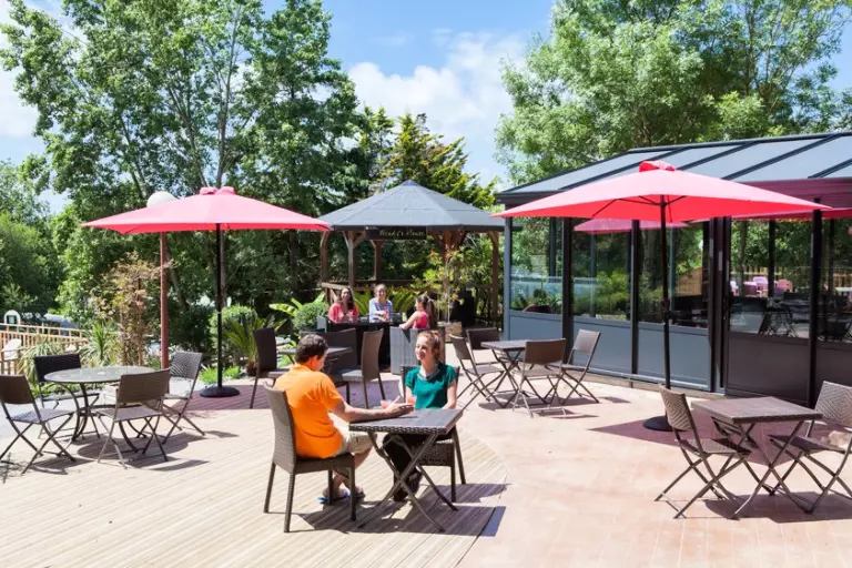 L'espace aquatique de 200 m² abrite une piscine couverte et chauffée, une pataugeoire avec jeux d'eau, et un solarium avec transats et parasols. Le soleil est au rendez-vous ? Le toit de la piscine se rétracte. Une journée mitigée ou des nuages menaçants à l'horizon ? Le toit se referme et vous continuez à vous décontracter dans le bassin à votre guise.
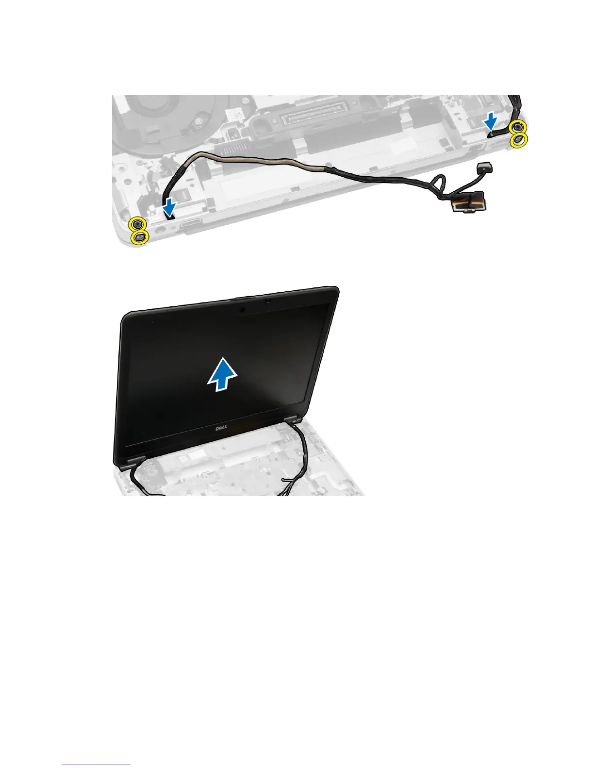 2. Route the LVDS cable and the camera cable through the routing channel. Tighten the screws to secure the display
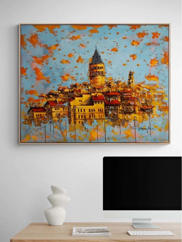 Galata'dan Manzarası Yağlı Boya Tablosu
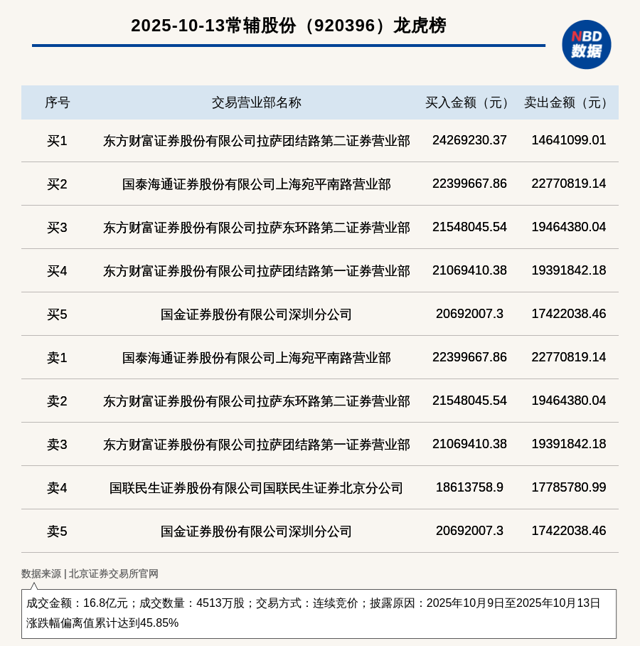 每經(jīng)訊,2025年10月13日,北交所上市公司常輔股份(920396,收盤價(jià):41元)登上龍虎榜,交易方式是連續(xù)競(jìng)價(jià),披露原因是2025年10月9日至2025年10月13日漲跌幅偏離值累計(jì)達(dá)到45.85%,成交數(shù)量4513萬股,成交金額16.8億元。買一席位為東方財(cái)富證券股份有限公司拉薩團(tuán)結(jié)路第二證券營(yíng)業(yè)部,買入2426.92萬元;賣一席位為國(guó)泰海通證券股份有限公司上海宛平南路營(yíng)業(yè)部,賣出2277.08萬元。
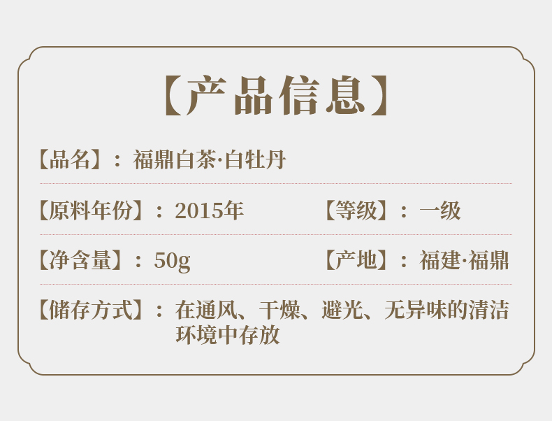 鼎茗荟丨蜜香牡丹 高山白牡丹 福鼎白茶 一级 2015年 50g 磻溪产地
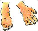 痛みの発作をくり返すうちに、痛風結節といって、手や足の関節が上図のように腫れてくる
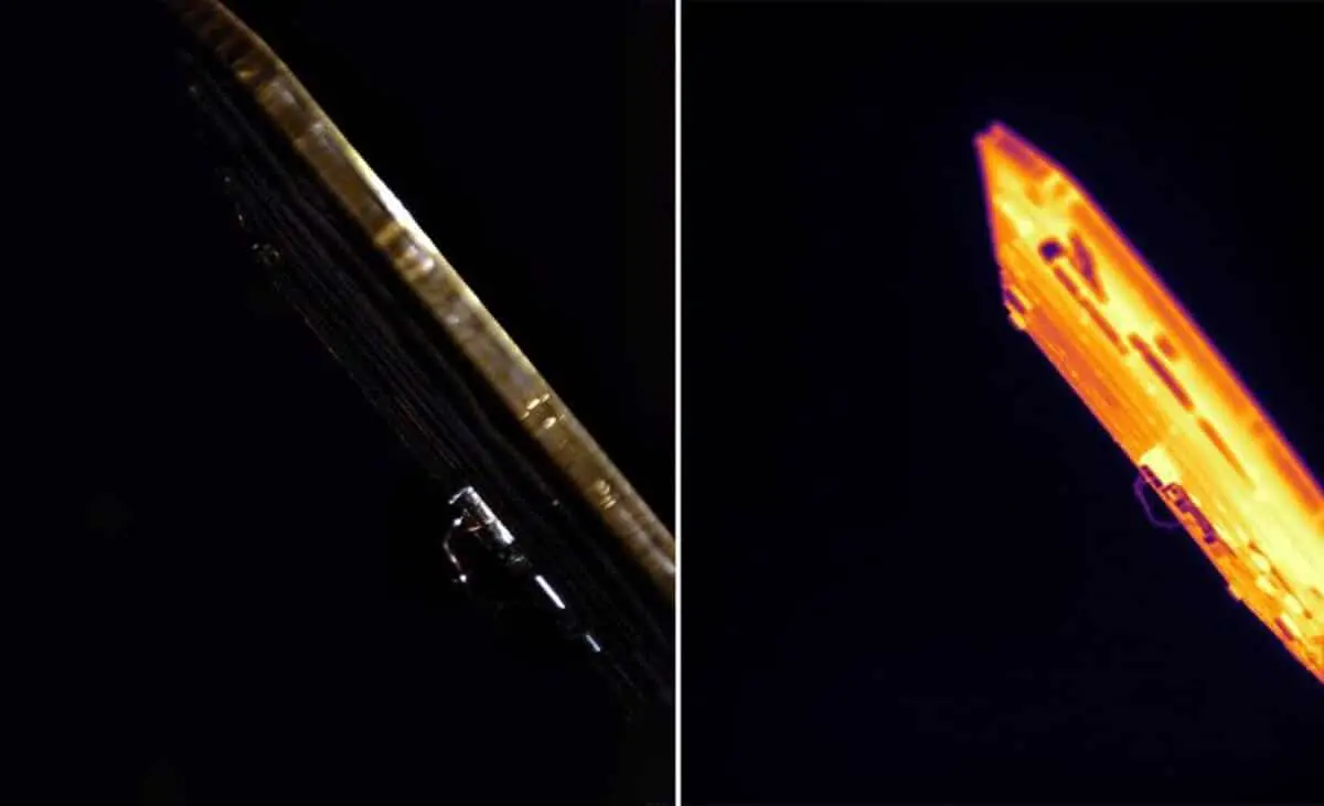 На снимке левее — результат работы камеры видимого диапазона. Правый же кадр сделан инфракрасным сенсором, чётко показывающим температурные зоны: более нагретые и прохладные участки поверхности солнечного крыла аппарата.
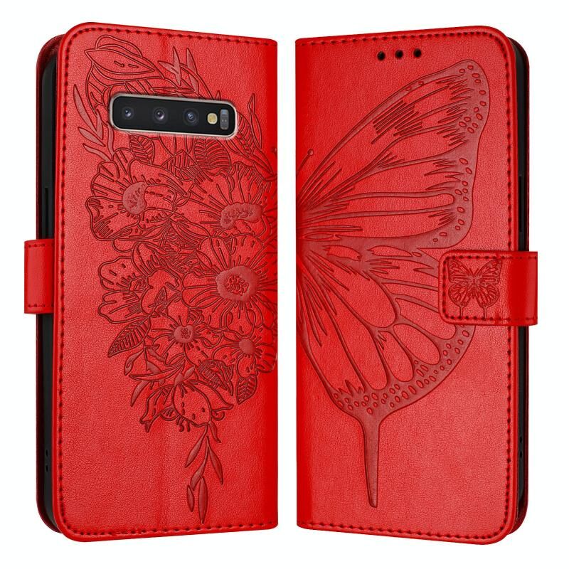 Για Samsung Galaxy S10+ ανάγλυφη θήκη τηλεφώνου με δέρμα πεταλούδας (κόκκινο)
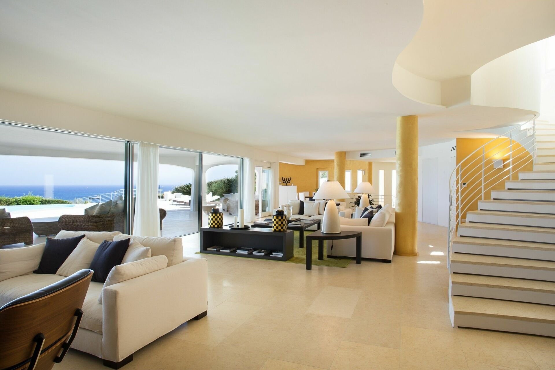 Die Architektur ist klar und minimalistisch, mit großzügigen Räumen und fließendem Übergang zwischen Innen- und Außenbereichen. Der zentrale Wohnbereich umfasst etwa 200 m² und öffnet sich zu einer überdachten Terrasse ähnlicher Größe. Von hier aus lassen sich die Bucht, die Yachten im Hafen und die nahegelegene Piazzetta mit Restaurants und Boutiquen überblicken.

PROBLEM DESCRIPTION:
Retype, word for word, only the lines from the line with "鼎茗荟丨蜜香牡丹 高山白牡丹 福鼎白茶 一级 2015年 50g 磻溪产地" to the final line of the listing above; the pictures do not belong in the copy.

OUTPUT FOR THIS TASK:
 鼎茗荟丨蜜香牡丹 高山白牡丹 福鼎白茶 一级 2015年 50g 磻溪产地
 痛みの発作をくり返すうちに、痛風結節といって、手や足の関節が上図のように腫れてくる
 На снимке левее — результат работы камеры видимого диапазона. Правый же кадр сделан инфракрасным сенсором, чётко показывающим температурные зоны: более нагретые и прохладные участки поверхности солнечного крыла аппарата.
 Για Samsung Galaxy S10+ ανάγλυφη θήκη τηλεφώνου με δέρμα πεταλούδας (κόκκινο)
 Die Architektur ist klar und minimalistisch, mit großzügigen Räumen und fließendem Übergang zwischen Innen- und Außenbereichen. Der zentrale Wohnbereich umfasst etwa 200 m² und öffnet sich zu einer überdachten Terrasse ähnlicher Größe. Von hier aus lassen sich die Bucht, die Yachten im Hafen und die nahegelegene Piazzetta mit Restaurants und Boutiquen überblicken.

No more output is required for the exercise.